At Intwixt we see the most value in building intelligent, rule based bots that leverage both the rich, non-chat based UI experience (such the one offered by Messenger) and certain AI aspects such as NLP. While many platforms promote one approach over another, we see value in providing a framework that encapsulates the best of both: the programmed intelligence provided by the guided interactions and the artificial intelligence of NLP. Our process-first approach is capable of delivering the rules you need to define your bot's intelligence, while our integration-based architecture lets you tightly integrate the best NLP platforms available.
With this approach, the conversations are not modeled inside and served by the NLP service (API.AI, Wit.AI, etc.) but rather in a platform that provides a tight integration with the NLP service.
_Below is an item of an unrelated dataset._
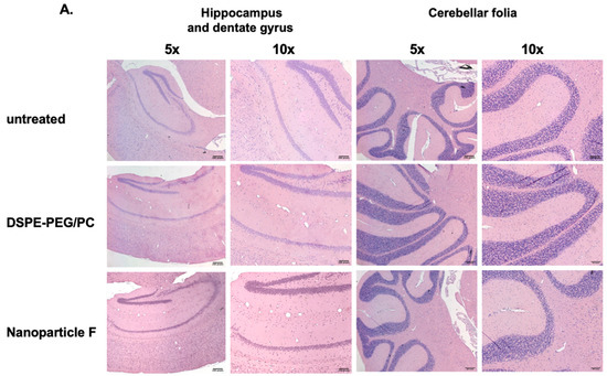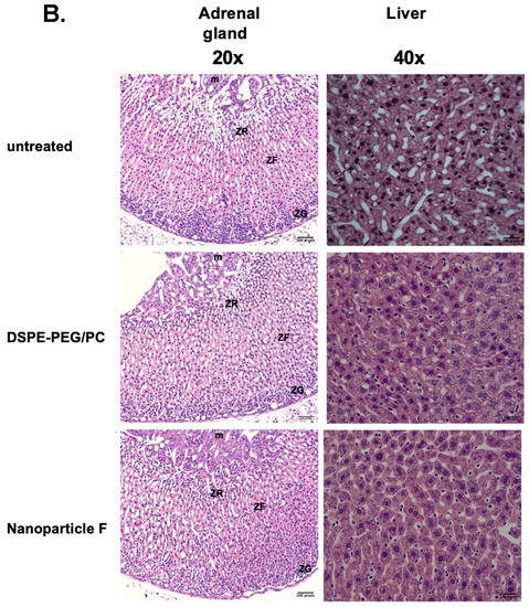 Treating normal mice with nanoparticle F or nanoparticles alone produces no overt morphological alterations in central nervous and peripheral tissues. Representative images from WT mice (n = 3–4/group) either untreated or treated with IV injections once per day with DSPE-PEG2000/PC or with nanoparticle F for 7 days. Tissues were collected 48 h after the last injection. (A) Images show hippocampus and dentate gyrus regions (left panels). Images on the right panels show cerebellar folia region. (B) Images show adrenal glands (left panels), and livers (right panels). For adrenal gland images, symbols used: m = medulla; ZR = zona reticularis; ZF = zona fasciculata; ZG = zona glomerulosa. Scale bars: 200 pixels: ~109 µm for 10× enlargement and ~54 µm for 20× enlargement. Scale bar: 200 pixels.

The bots are fully functional and provide a very good, guided user experience without using NLP. However, NLP is critical for ensuring a great user experience even for rule based bots. That is, mainly for two reasons. First, it enables speech recognition. Second, it provides a user experience where the end user can, at any point in the conversation, break the conversation flow, change the conversation context and then resume the conversation flow without restarting it from the beginning. This feature has been coined Random Access Navigation by Shane Mac of Assist. A great post that talks about its benefits in more details, can be found here.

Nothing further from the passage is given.